PROBLEM TO SOLVE ▸
Line by line, give the data again exactly as it appears, but without pictures.

[SOURCE DATA]

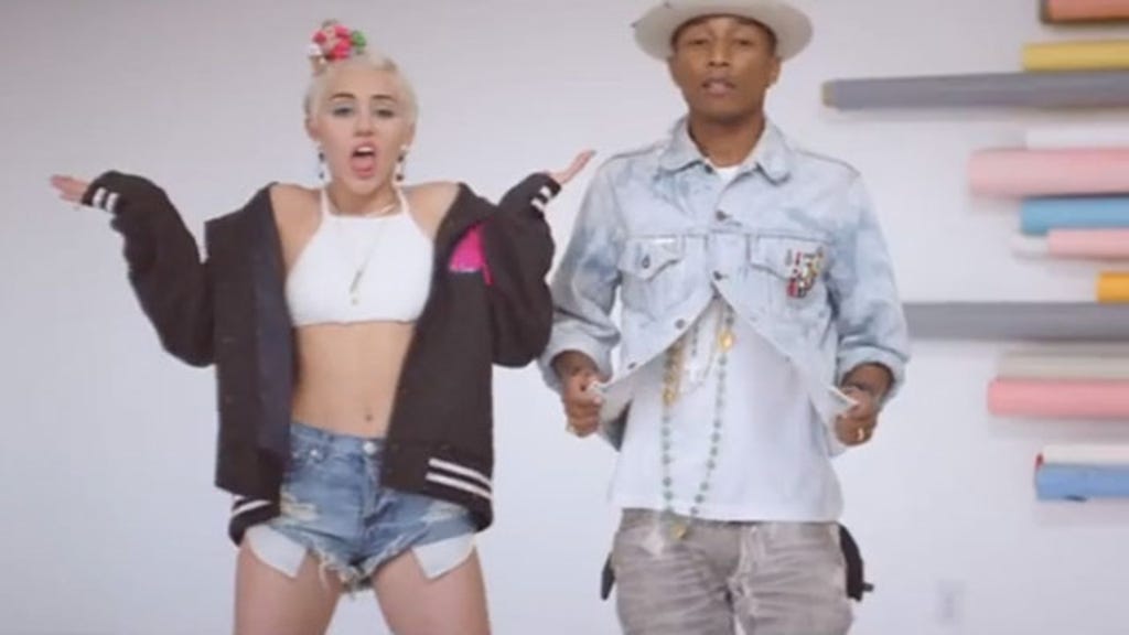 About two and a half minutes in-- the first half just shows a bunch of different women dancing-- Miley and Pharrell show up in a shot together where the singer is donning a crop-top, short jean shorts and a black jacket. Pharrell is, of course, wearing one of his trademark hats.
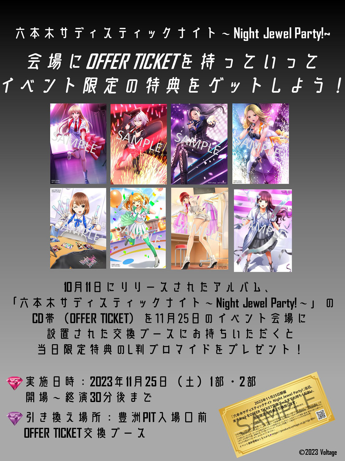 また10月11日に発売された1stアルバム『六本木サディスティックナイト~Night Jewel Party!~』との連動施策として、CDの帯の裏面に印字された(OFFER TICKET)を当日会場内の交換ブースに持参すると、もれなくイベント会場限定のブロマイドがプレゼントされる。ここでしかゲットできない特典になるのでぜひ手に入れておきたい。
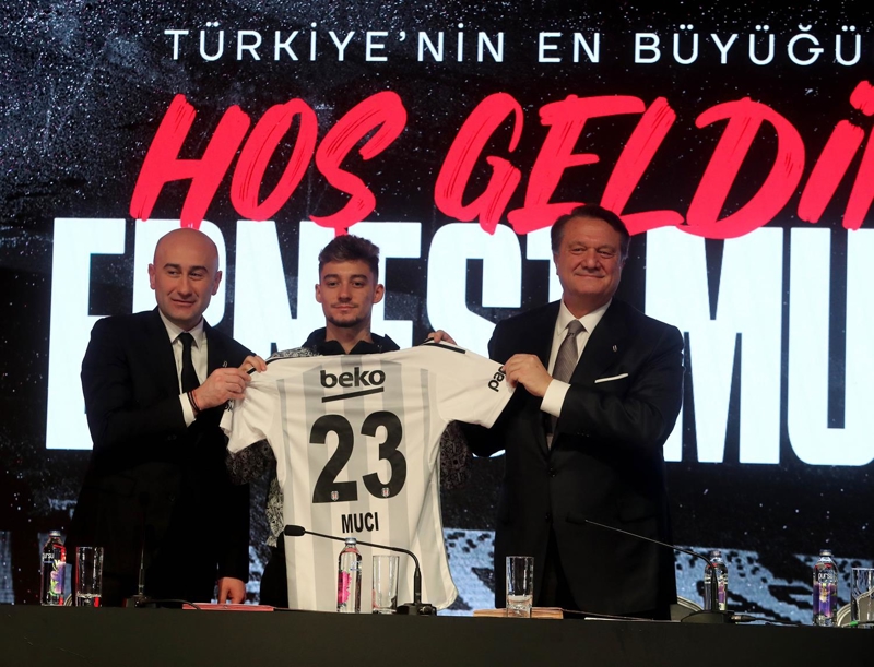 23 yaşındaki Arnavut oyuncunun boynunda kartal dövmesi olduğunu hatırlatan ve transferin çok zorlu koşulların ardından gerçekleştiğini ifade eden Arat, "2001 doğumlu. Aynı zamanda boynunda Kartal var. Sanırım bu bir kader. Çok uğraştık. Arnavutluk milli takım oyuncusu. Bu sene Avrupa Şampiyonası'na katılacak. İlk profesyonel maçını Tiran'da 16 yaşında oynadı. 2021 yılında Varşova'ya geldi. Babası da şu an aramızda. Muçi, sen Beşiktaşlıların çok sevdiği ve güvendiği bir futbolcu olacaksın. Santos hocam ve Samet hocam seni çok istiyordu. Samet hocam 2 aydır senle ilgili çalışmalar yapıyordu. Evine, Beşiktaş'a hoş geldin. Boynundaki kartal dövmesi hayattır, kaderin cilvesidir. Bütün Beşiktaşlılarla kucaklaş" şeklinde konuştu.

[/SOURCE DATA]

OUTPUT FOR THIS EXERCISE ▸
 About two and a half minutes in-- the first half just shows a bunch of different women dancing-- Miley and Pharrell show up in a shot together where the singer is donning a crop-top, short jean shorts and a black jacket. Pharrell is, of course, wearing one of his trademark hats.
 また10月11日に発売された1stアルバム『六本木サディスティックナイト~Night Jewel Party!~』との連動施策として、CDの帯の裏面に印字された(OFFER TICKET)を当日会場内の交換ブースに持参すると、もれなくイベント会場限定のブロマイドがプレゼントされる。ここでしかゲットできない特典になるのでぜひ手に入れておきたい。
 23 yaşındaki Arnavut oyuncunun boynunda kartal dövmesi olduğunu hatırlatan ve transferin çok zorlu koşulların ardından gerçekleştiğini ifade eden Arat, "2001 doğumlu. Aynı zamanda boynunda Kartal var. Sanırım bu bir kader. Çok uğraştık. Arnavutluk milli takım oyuncusu. Bu sene Avrupa Şampiyonası'na katılacak. İlk profesyonel maçını Tiran'da 16 yaşında oynadı. 2021 yılında Varşova'ya geldi. Babası da şu an aramızda. Muçi, sen Beşiktaşlıların çok sevdiği ve güvendiği bir futbolcu olacaksın. Santos hocam ve Samet hocam seni çok istiyordu. Samet hocam 2 aydır senle ilgili çalışmalar yapıyordu. Evine, Beşiktaş'a hoş geldin. Boynundaki kartal dövmesi hayattır, kaderin cilvesidir. Bütün Beşiktaşlılarla kucaklaş" şeklinde konuştu.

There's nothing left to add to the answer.